Sphinx Reviews is a project that has run alongside HappenStance Press since 2006 (see its website here). Founded by Helena Nelson and co-edited for the last six years by Charlotte Gann, it specialises in reviews of poetry pamphlets, a
format that has long struggled to receive critical attention, and provides an
incredible service to poets, publishers and, of course, readers.
By my tedious manual count, a total of
1461 books have been reviewed on Sphinx, many of them by more than person, the equivalent of over 2,000 pamphlets that were received by Helena
Nelson, repackaged and sent back out to her loyal band of reviewers. 2,000
batches of stamps to be paid for. Umpteen treks to the post office. 2,000
reviews that were edited by her (to the huge benefit of the reviewers
themselves, whose prose style and critical approach to poetry were often
transformed via this process). 2,000 posts that were formatted, uploaded and
optimised for search engines.
What’s more, for many poets, the
review of their pamphlet on Sphinx was the only critical response they’d
ever receive. That’s a hugely generous gift in anyone’s language. Looking back
at the archive, there are a fair few poets who have sadly died in the
intervening years, though their reviews on Sphinx remain. As a record of
pamphlet poetry in the U.K., it’s irreplaceable.

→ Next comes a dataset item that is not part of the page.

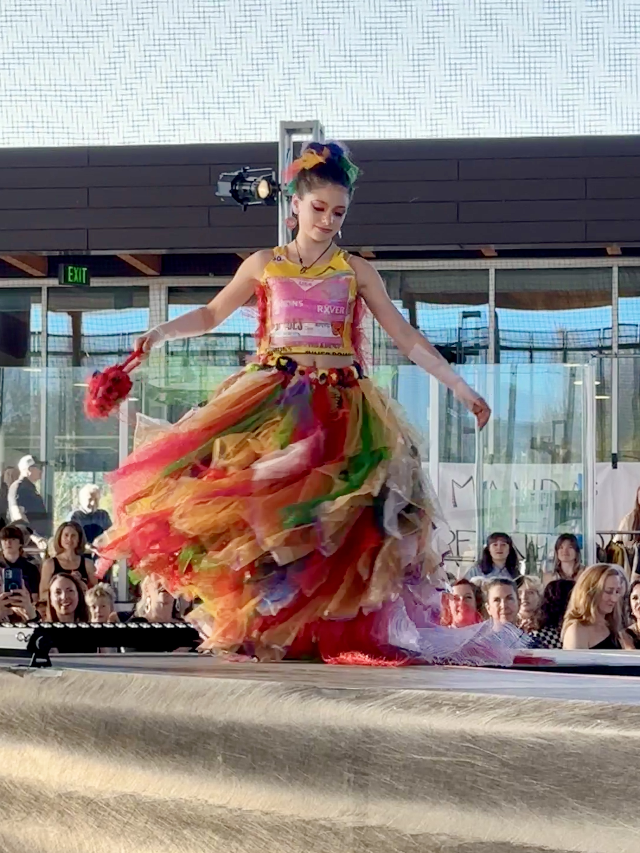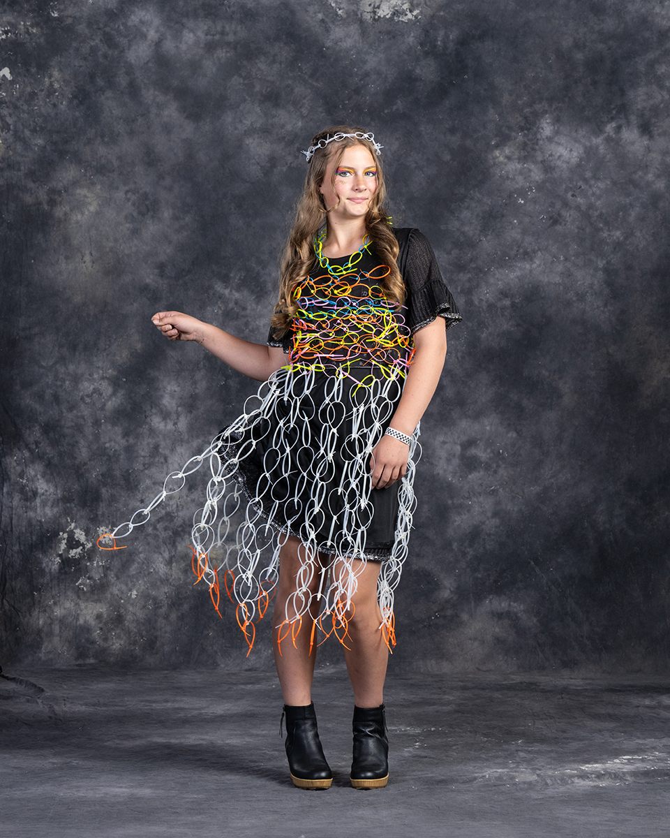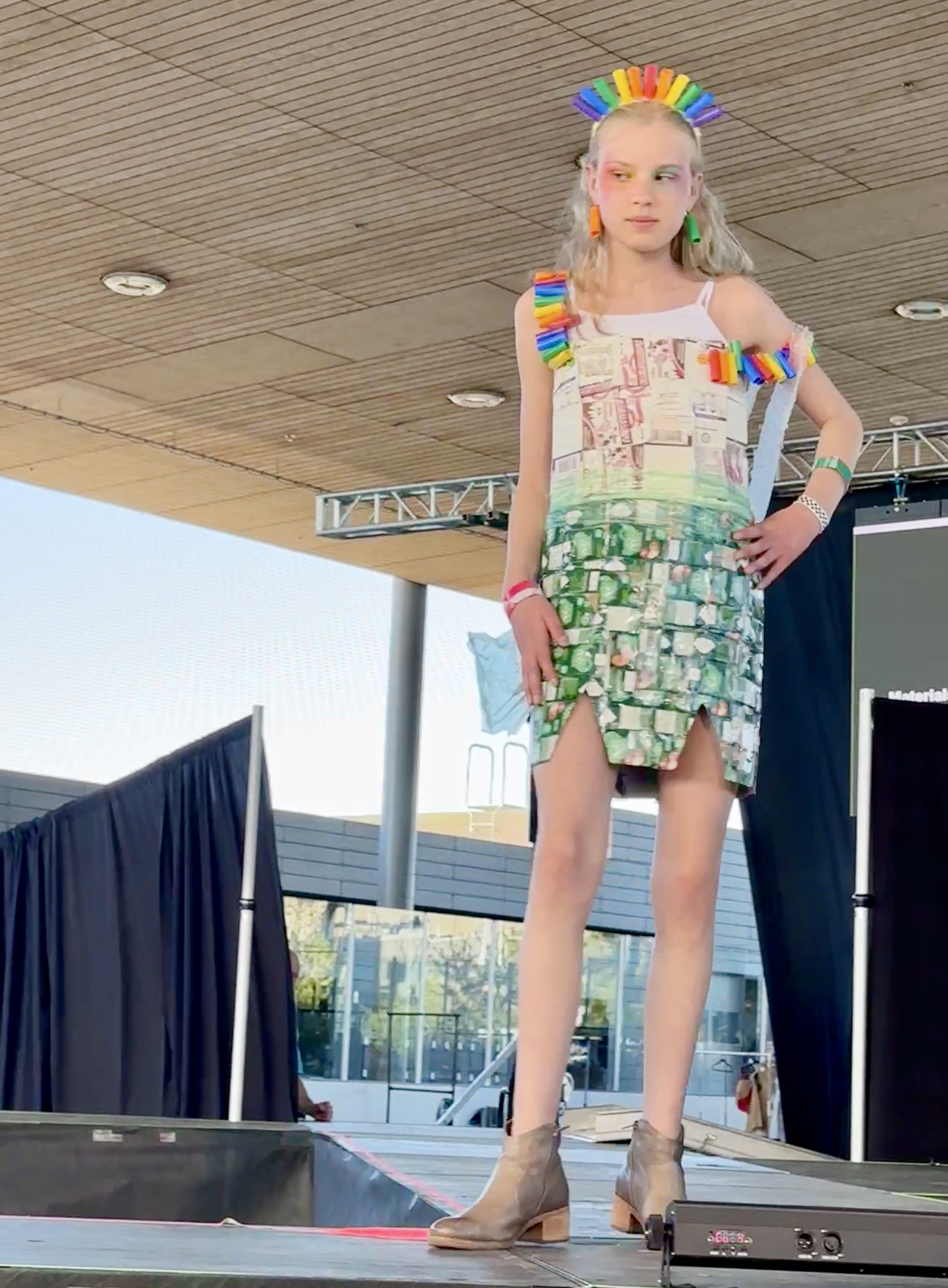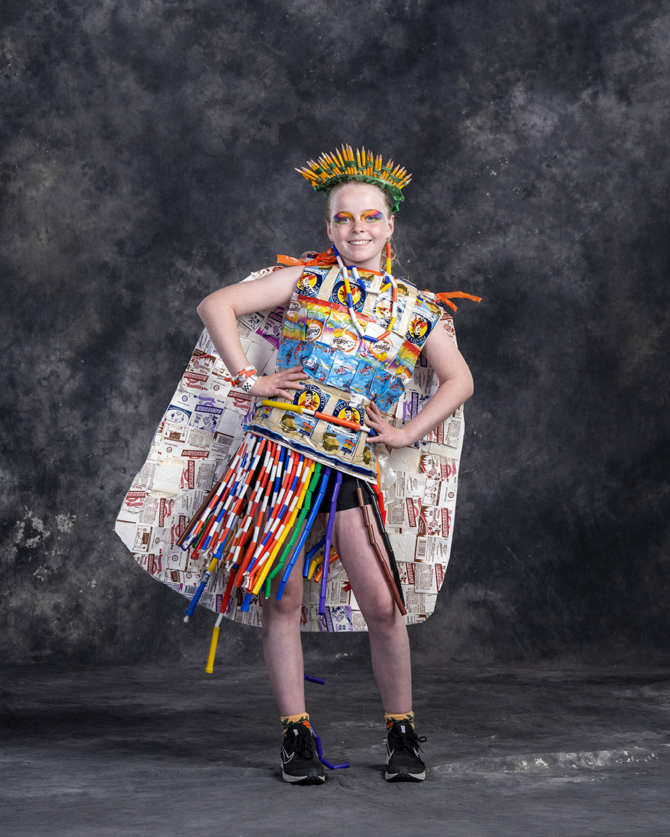 “NOT TRASH BUT TREASURE” Designer: Clara Wirtz Model: Neve Maki Materials: Repurposed old dress, zip ties pulled from the trash, bottle tabs – CASCADE Middle School

And now, of course, Sphinx is coming
to an end. Helena Nelson has given so much to poets over the years via HappenStance
Press itself and via Sphinx Reviews, in both cases to the detriment of her own writing,
but even this labour of love must inevitably be finite.
Like so many positive presences in our
lives, Sphinx has probably come to be taken for granted, as if it were destined
to accompany pamphlet publishing forever. It will be sorely missed once poets
and publishers bemoan the absence of alternatives. However, its online archive is to
be cherished and celebrated. Here’s hoping that in the aftermath of this
closure, we at least start to see more of Helena Nelson’s exceptional
poetry…!
DISPLACED They called her aloof, impractical, clumsy, plain. It was, they
say, difficult for her not to fall in love.In spite, that is, of the first
coughs...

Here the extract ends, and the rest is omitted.